Everything in the listing below should be repeated verbatim, apart from the pictures.

Input records
====================
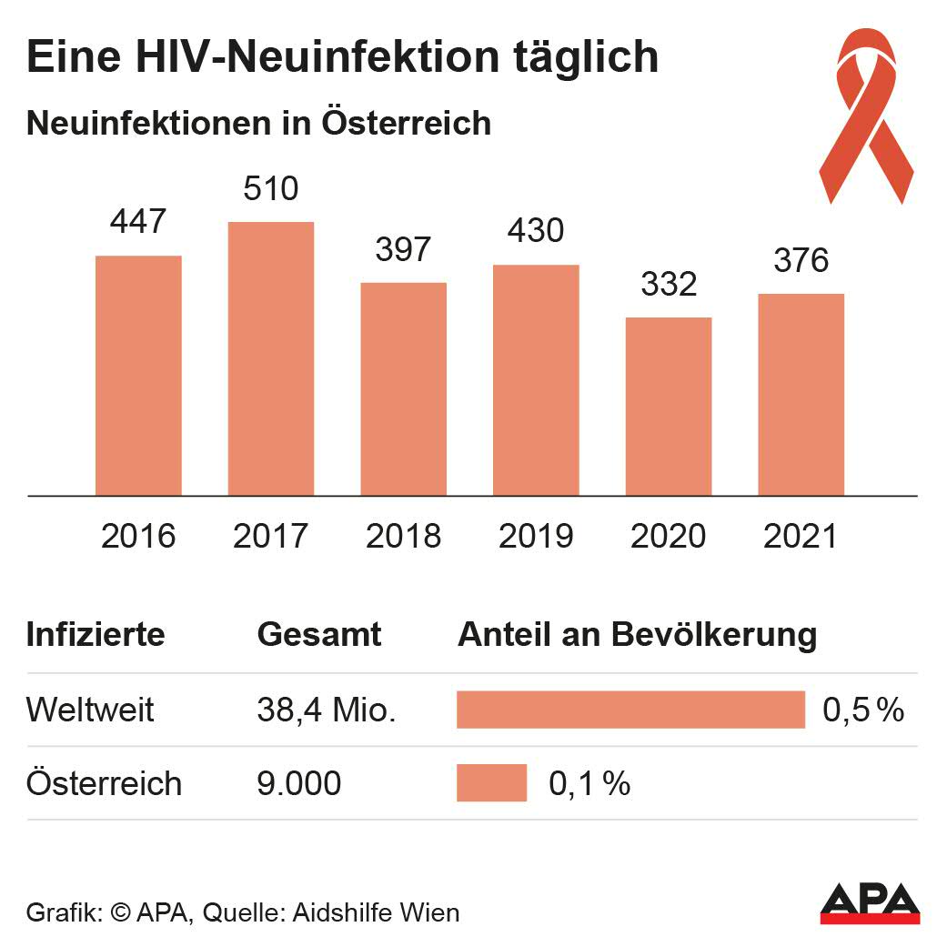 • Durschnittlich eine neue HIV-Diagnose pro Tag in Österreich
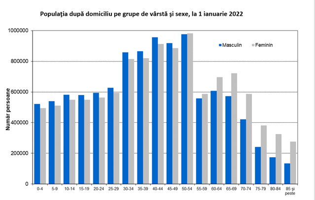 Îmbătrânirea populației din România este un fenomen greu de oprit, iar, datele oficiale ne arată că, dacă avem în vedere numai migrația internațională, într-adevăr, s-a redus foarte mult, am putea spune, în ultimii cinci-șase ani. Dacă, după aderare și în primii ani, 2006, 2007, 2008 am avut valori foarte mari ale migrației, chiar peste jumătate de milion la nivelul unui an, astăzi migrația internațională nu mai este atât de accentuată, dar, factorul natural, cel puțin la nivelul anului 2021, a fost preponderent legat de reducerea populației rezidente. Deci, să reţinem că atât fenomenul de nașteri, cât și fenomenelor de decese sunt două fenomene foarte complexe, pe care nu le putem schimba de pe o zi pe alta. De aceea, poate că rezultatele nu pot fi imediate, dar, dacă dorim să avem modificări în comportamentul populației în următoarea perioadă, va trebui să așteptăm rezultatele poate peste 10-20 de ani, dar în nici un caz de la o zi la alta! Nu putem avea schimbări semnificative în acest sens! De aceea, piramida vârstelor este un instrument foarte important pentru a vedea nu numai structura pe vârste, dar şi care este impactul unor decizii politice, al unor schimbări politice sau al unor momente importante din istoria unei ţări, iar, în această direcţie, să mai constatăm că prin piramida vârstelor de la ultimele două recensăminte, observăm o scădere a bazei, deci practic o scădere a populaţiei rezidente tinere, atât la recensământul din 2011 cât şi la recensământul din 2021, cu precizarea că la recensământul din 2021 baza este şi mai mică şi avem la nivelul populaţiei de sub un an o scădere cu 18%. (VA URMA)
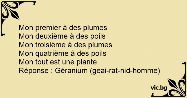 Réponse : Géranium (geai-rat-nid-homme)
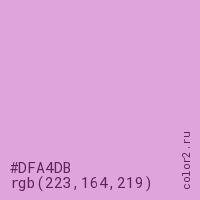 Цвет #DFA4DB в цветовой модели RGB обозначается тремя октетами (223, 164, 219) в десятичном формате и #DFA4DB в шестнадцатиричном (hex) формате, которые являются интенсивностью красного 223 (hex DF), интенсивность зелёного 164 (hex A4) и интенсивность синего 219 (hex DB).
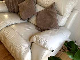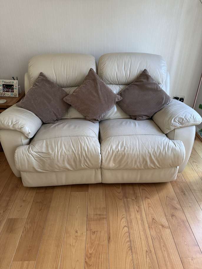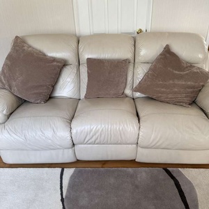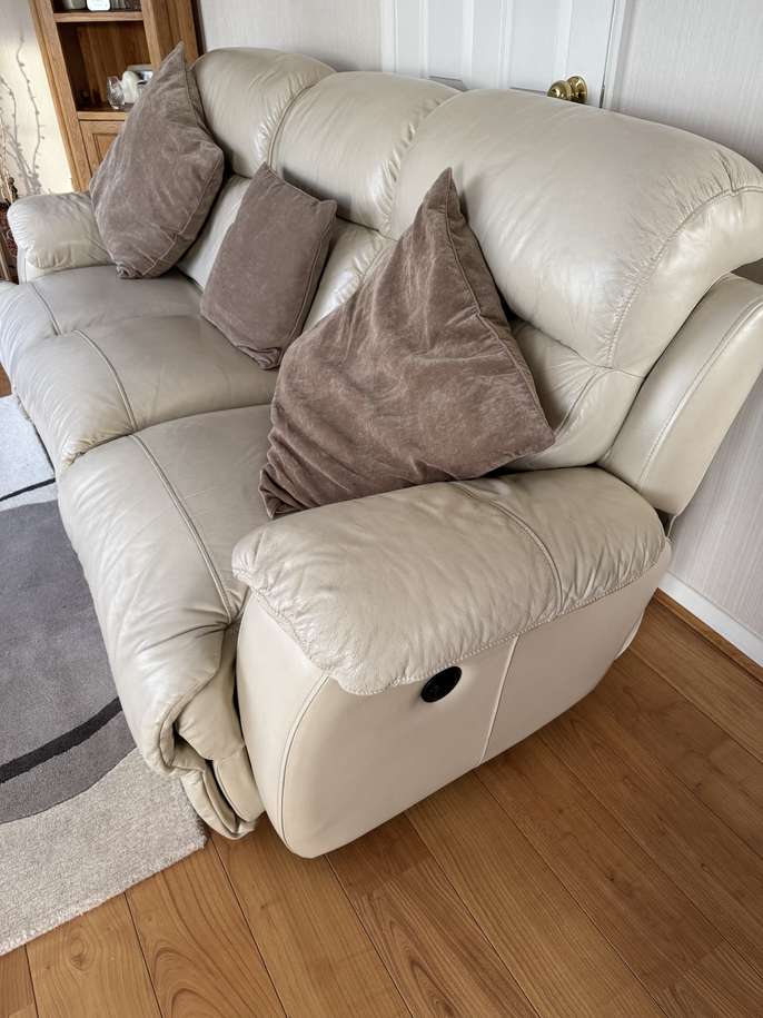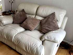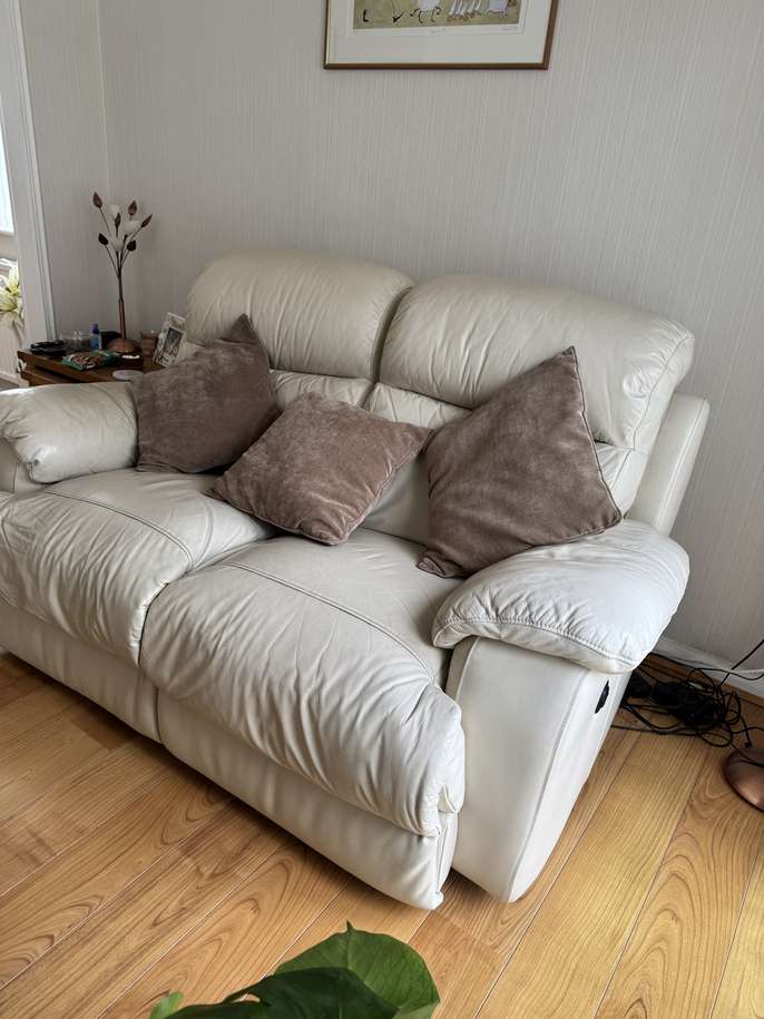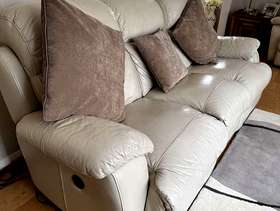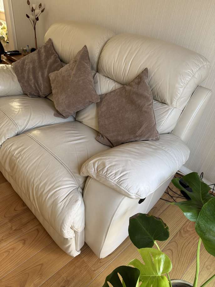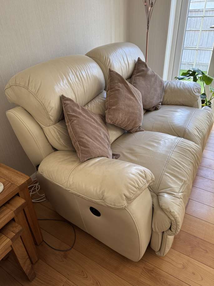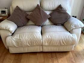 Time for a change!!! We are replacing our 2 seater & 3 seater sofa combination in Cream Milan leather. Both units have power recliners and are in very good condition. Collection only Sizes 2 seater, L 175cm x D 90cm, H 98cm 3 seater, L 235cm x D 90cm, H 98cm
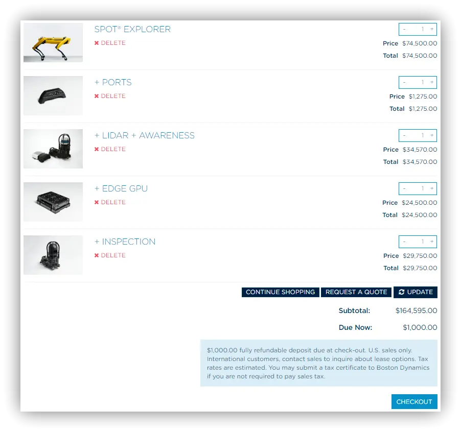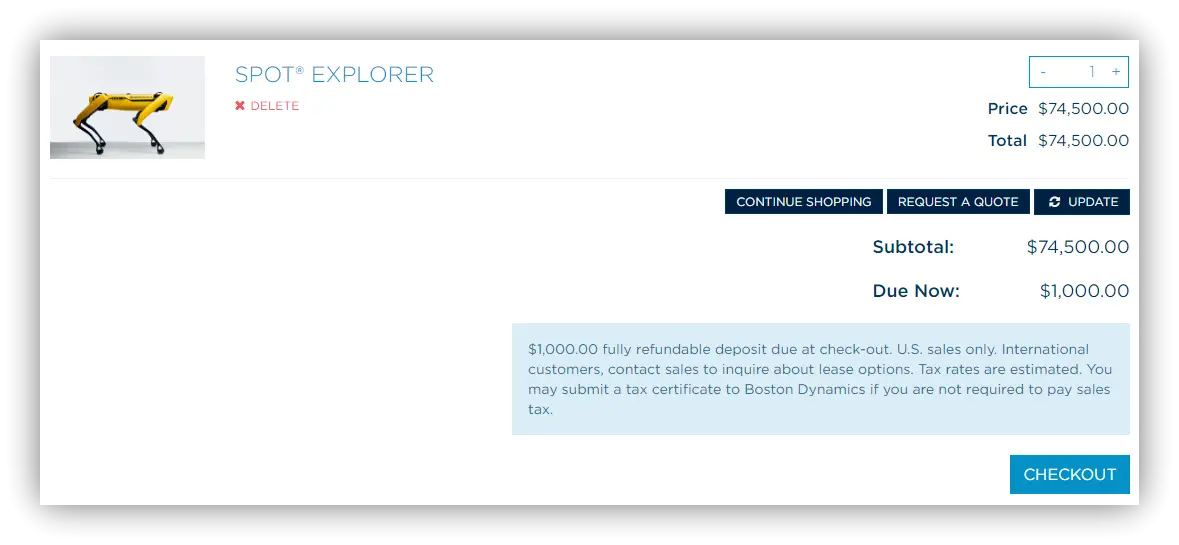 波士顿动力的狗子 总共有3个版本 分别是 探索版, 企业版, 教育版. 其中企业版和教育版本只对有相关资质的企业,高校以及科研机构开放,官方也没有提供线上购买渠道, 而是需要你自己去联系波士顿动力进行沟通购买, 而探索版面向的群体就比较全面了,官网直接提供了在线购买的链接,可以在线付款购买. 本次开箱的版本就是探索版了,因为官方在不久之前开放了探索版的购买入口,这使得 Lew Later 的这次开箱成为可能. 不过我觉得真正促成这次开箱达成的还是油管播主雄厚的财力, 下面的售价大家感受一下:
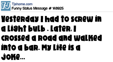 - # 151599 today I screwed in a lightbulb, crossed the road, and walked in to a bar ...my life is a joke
====================
Response to the task
 • Durschnittlich eine neue HIV-Diagnose pro Tag in Österreich
 Îmbătrânirea populației din România este un fenomen greu de oprit, iar, datele oficiale ne arată că, dacă avem în vedere numai migrația internațională, într-adevăr, s-a redus foarte mult, am putea spune, în ultimii cinci-șase ani. Dacă, după aderare și în primii ani, 2006, 2007, 2008 am avut valori foarte mari ale migrației, chiar peste jumătate de milion la nivelul unui an, astăzi migrația internațională nu mai este atât de accentuată, dar, factorul natural, cel puțin la nivelul anului 2021, a fost preponderent legat de reducerea populației rezidente. Deci, să reţinem că atât fenomenul de nașteri, cât și fenomenelor de decese sunt două fenomene foarte complexe, pe care nu le putem schimba de pe o zi pe alta. De aceea, poate că rezultatele nu pot fi imediate, dar, dacă dorim să avem modificări în comportamentul populației în următoarea perioadă, va trebui să așteptăm rezultatele poate peste 10-20 de ani, dar în nici un caz de la o zi la alta! Nu putem avea schimbări semnificative în acest sens! De aceea, piramida vârstelor este un instrument foarte important pentru a vedea nu numai structura pe vârste, dar şi care este impactul unor decizii politice, al unor schimbări politice sau al unor momente importante din istoria unei ţări, iar, în această direcţie, să mai constatăm că prin piramida vârstelor de la ultimele două recensăminte, observăm o scădere a bazei, deci practic o scădere a populaţiei rezidente tinere, atât la recensământul din 2011 cât şi la recensământul din 2021, cu precizarea că la recensământul din 2021 baza este şi mai mică şi avem la nivelul populaţiei de sub un an o scădere cu 18%. (VA URMA)
 Réponse : Géranium (geai-rat-nid-homme)
 Цвет #DFA4DB в цветовой модели RGB обозначается тремя октетами (223, 164, 219) в десятичном формате и #DFA4DB в шестнадцатиричном (hex) формате, которые являются интенсивностью красного 223 (hex DF), интенсивность зелёного 164 (hex A4) и интенсивность синего 219 (hex DB).
 Time for a change!!! We are replacing our 2 seater & 3 seater sofa combination in Cream Milan leather. Both units have power recliners and are in very good condition. Collection only Sizes 2 seater, L 175cm x D 90cm, H 98cm 3 seater, L 235cm x D 90cm, H 98cm
 波士顿动力的狗子 总共有3个版本 分别是 探索版, 企业版, 教育版. 其中企业版和教育版本只对有相关资质的企业,高校以及科研机构开放,官方也没有提供线上购买渠道, 而是需要你自己去联系波士顿动力进行沟通购买, 而探索版面向的群体就比较全面了,官网直接提供了在线购买的链接,可以在线付款购买. 本次开箱的版本就是探索版了,因为官方在不久之前开放了探索版的购买入口,这使得 Lew Later 的这次开箱成为可能. 不过我觉得真正促成这次开箱达成的还是油管播主雄厚的财力, 下面的售价大家感受一下:
 - # 151599 today I screwed in a lightbulb, crossed the road, and walked in to a bar ...my life is a joke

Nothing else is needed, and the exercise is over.